Radionuclide materials,
Metal electrodes, and
Electrical contacts connecting to said electrodes that facilitate the flow of electrical energy when connected to a load;
A generator system comprising:
The system further includes a thin layer of zinc oxide having a thickness between 150 and 1500 nanometers and in direct contact with at least one of the electrodes to form a metal-semiconductor junction therebetween ;
Radioactive emission received from the radionuclide material, the metal - Ru is converted into electrical energy by the semiconductor junction, the generator system. The generator system according to claim 1 , wherein the zinc oxide layer is formed on a substrate material. The generator system according to claim 2 , wherein the substrate material is selected from glass, sapphire or quartz. The generator system according to claim 2 or 3 , wherein a layer of a doped metal oxide material is disposed between the zinc oxide layer and the substrate. The generator system of claim 4 , wherein one of the metal electrodes is disposed in direct contact with the doped metal oxide material. The generator system according to any one of claims 1 to 5 , wherein the metal electrode is formed of gold, silver, or aluminum.
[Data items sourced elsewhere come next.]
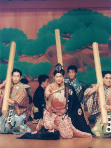 能を舞う小島さんは観世流シテ方で、1970(昭和45)年中野区生まれ。観世喜之さんに師事。祖父は先々代喜之に、伯父は先代喜之に師事した能楽師で、幼少より能に親しむ。シテ方として東京を中心に各地方公演だけでなく、海外公演にも多数参加。宮城県白石市にある「碧水園」、埼玉県深谷市、地元・中野区における定期公演のほか、薪(たきぎ)能、ろうそく能などの公演を企画・実施。「多くの人に能楽に触れる機会を持ってほしい」と能楽講座の開催にも尽力する。
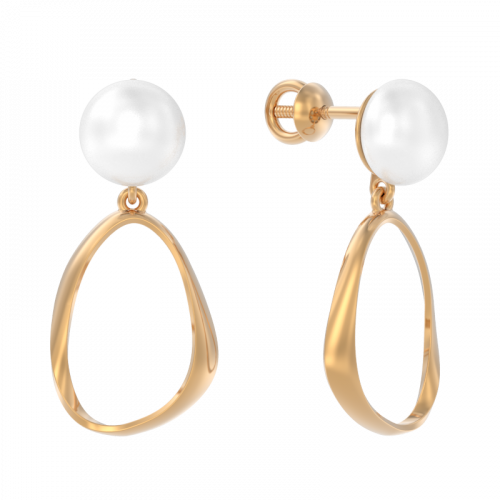 Серьги - пусеты с жемчугом и объёмной подвеской, выполнены из красного золота 585 пробы. Такие серьги могут стать отличным подарком для тех, кто ценит стиль и изысканность. Они подойдет как для повседневной носки, так и для особых случаев, таких как свадьба или юбилей.
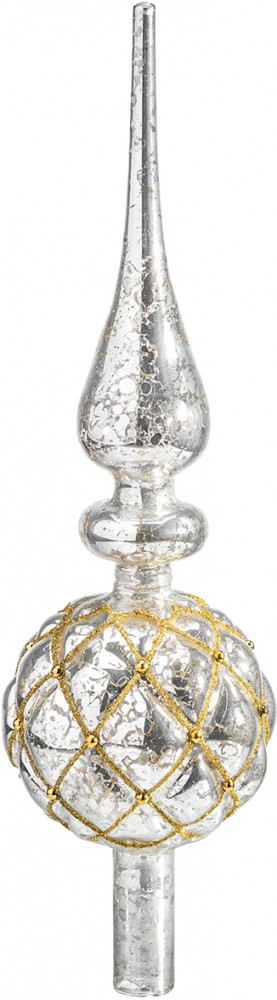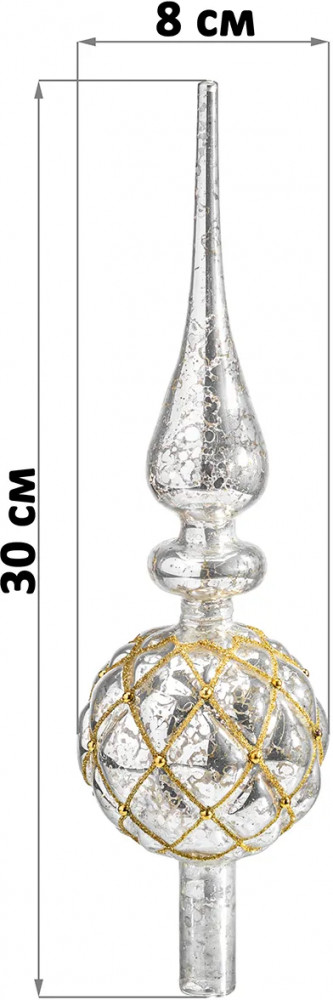 Новогодняя игрушка (наконечник) серебряного цвета с перламутровым оттенком от бренда Elan Gallery украсит вашу ёлочку и создаст праздничную атмосферу для взрослых и детей! Шпиль выполнен из стекла, украшен декором золотого цвета. Основание насаживается на макушку ёлки. Размер новогоднего украшения — 8×30 см. Интерьерный декор можно использовать для создания декоративных композиций, а также нарядить живые ёлки во дворе. Стеклянная фигурка легко надевается на веточку рождественской ели, словно колпачок. Ёлочное украшение надёжно держится за счёт узкого основания-трубочки. Станет прекрасным украшением любого интерьера, вы можете создать новогоднюю композицию с различными сувенирами и еловыми ветками. Станет завершающим элементом для оформления красивых зимних композиций или чудесным подарком на праздник вашим близким. Подарочный сувенир создаст хорошее настроение всей семье. Почувствуйте атмосферу чуда и волшебства, украсив дом в ожидании самого волшебного праздника года! Используйте в роли праздничного декора на вечеринке. Новогодняя (рождественская) игрушки станут украшением вашей квартиры или рабочего кабинета. Интерьерный декор от бренда Элан Галерея поможет ярко отпраздновать Новый год и Рождество!
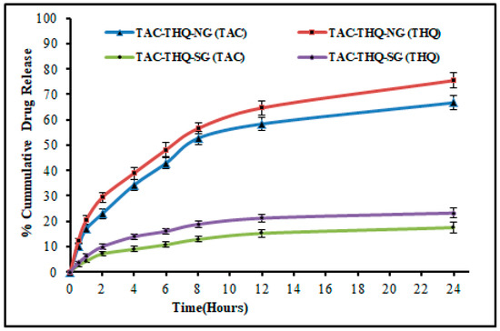 Comparative in vitro drug-release profiles of TAC and THQ from the optimized TAC-THQ-NG and TAC-THQ-SG.
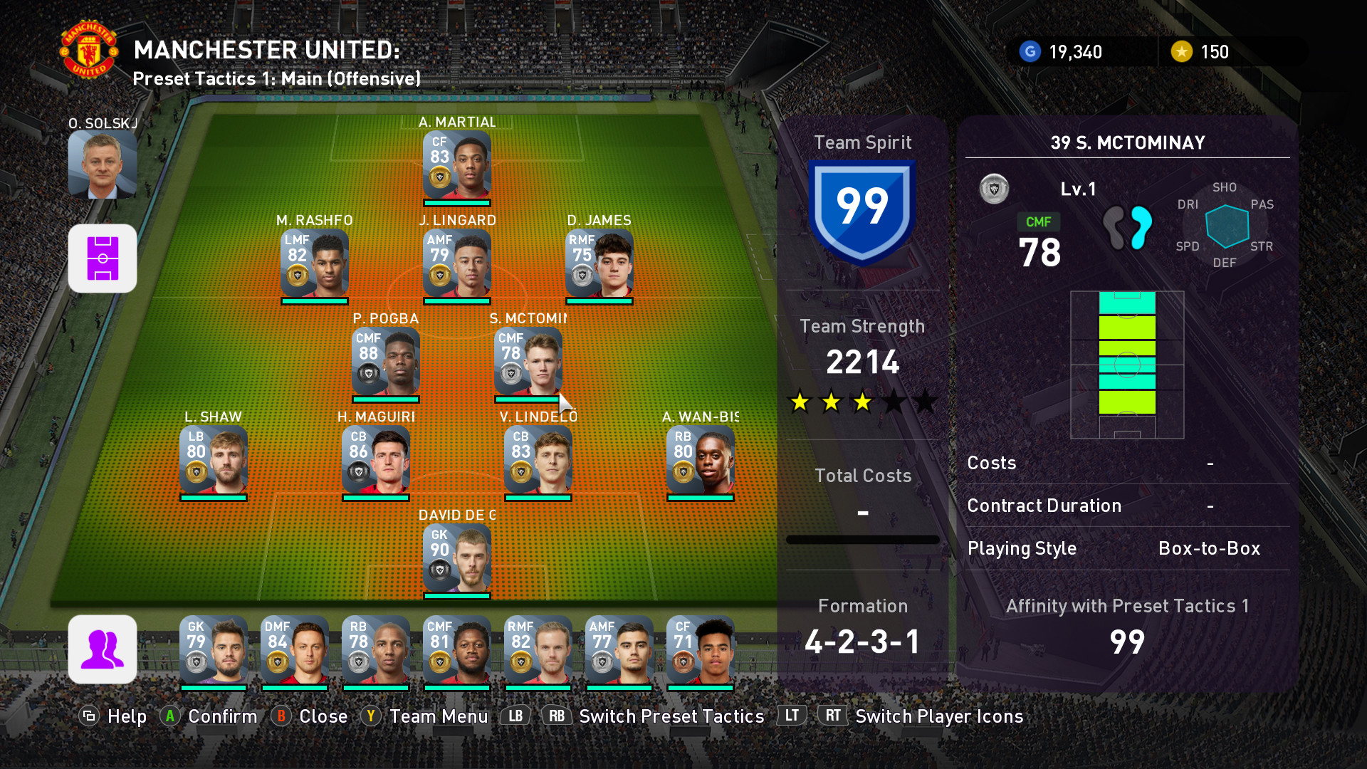 eFootball PES 2020. myClub MANCHESTER UNITED Squad
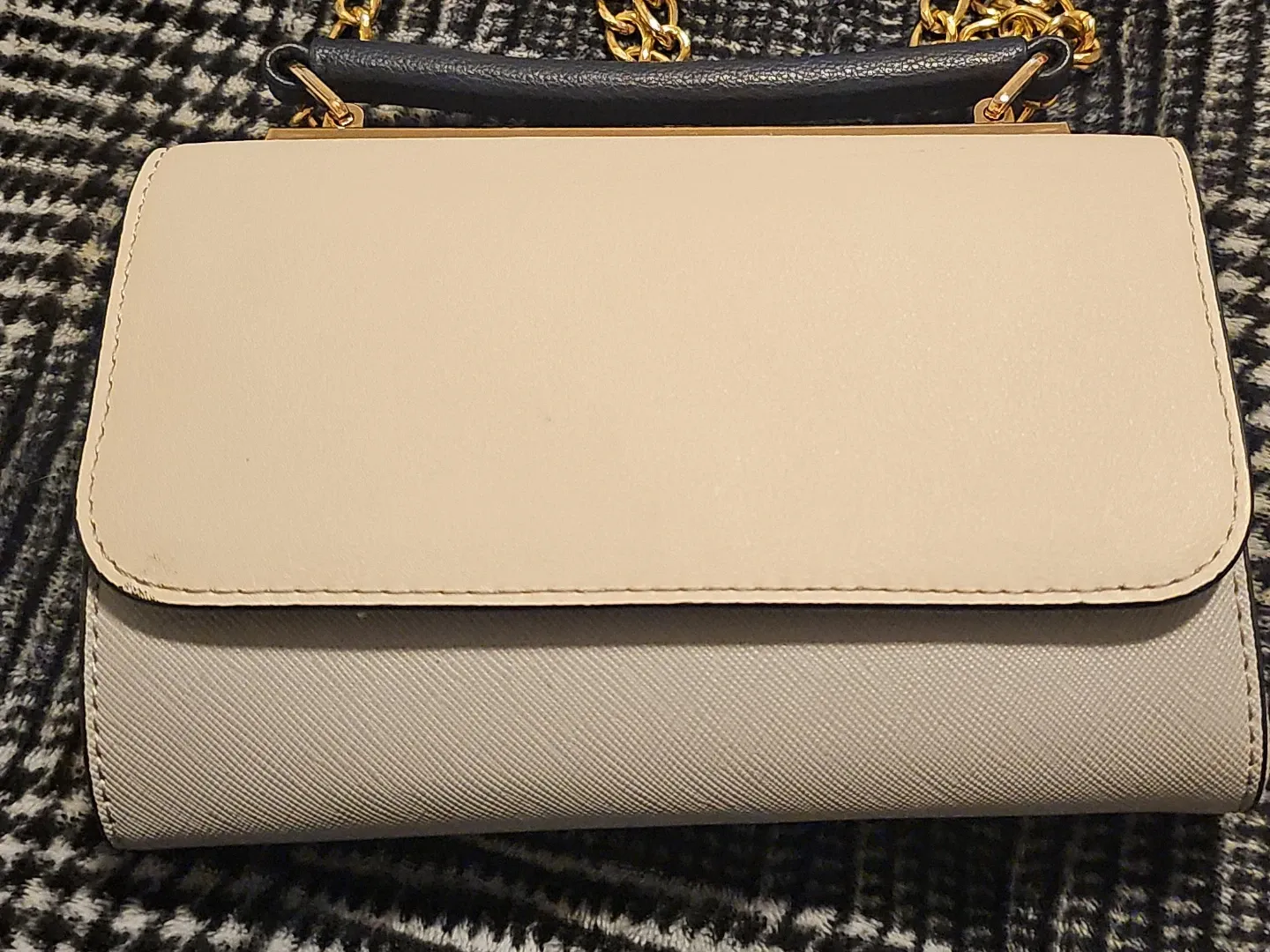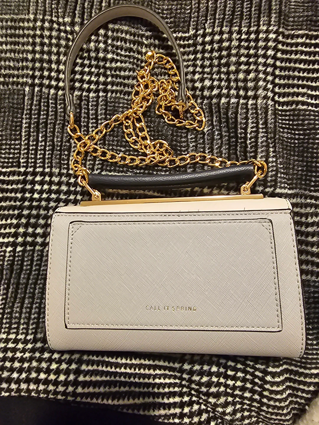Here's a stylish Call It Spring crossbody bag! It features a grey and beige colour scheme with a gold chain strap. Perfect for adding a touch of elegance to any outfit
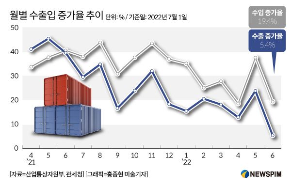 1일 산업통상자원부가 발표한 '2022년 6월 수출입동향'에 따르면 6월 수출은 577억3000만달러(+5.4%), 수입은 602억달러(+19.4%)를 기록했다. 무역수지는 24억7000만달러 적자를 나타냈다.
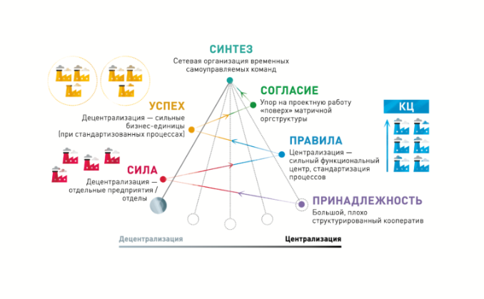 Для культуры силы характерна высокая децентрализация: каждая оргединица стремится отгородиться от другой и стать «натуральным хозяйством». Вместе с культурой правил обычно приходит централизация — формируется сильный корпоративный центр, который стандартизует все процессы и создает единую отлаженную армию, управляемую сверху. Культура успеха снова требует децентрализации — но теперь это децентрализация на уровне бизнес-единиц. Здесь характерно появление дивизиональной оргструктуры, в которой каждый дивизион — это отдельная бизнес-единица. Культура согласия возникает вместе с проектным межфункциональным и междивизиональным управлением. Именно с этого момента начинается сетевой менеджмент, где основой управления становятся временные команды, собранные под задачу. Ну и, наконец, культура синтеза, «бирюза» — это торжество самоуправления и сетей. Опять, как и в самом начале спирали, мы видим единую как бы неструктурированную организацию, которая на самом деле очень эффективно управляется за счет искусственного интеллекта, анализа больших данных, мониторящих систем и осознанных прямых публичных договоренностей между людьми, владеющими всей необходимой информацией.

The generator system according to any one of claims 1 to 6 , wherein the radionuclide material is covered with a sealing material. The generator system according to claim 7 , wherein the sealing material is selected from aluminum, metal alloy, plastic or mylar. The generator system according to any one of claims 1 to 8 , wherein the radionuclide material is selected from Sr-90, Pm-147, Ni-63 or H-3. The generator system according to claim 1 , wherein the thickness of the zinc oxide layer is 1250 nanometers or less. A power supply comprising a housing surrounding the generator system according to any one of claims 1 to 10 . The apparatus of claim 11 , wherein there are multiple layers of zinc oxide, each layer having a corresponding metal electrode and electrical contacts, and adjacent layers separated by an insulating substrate material.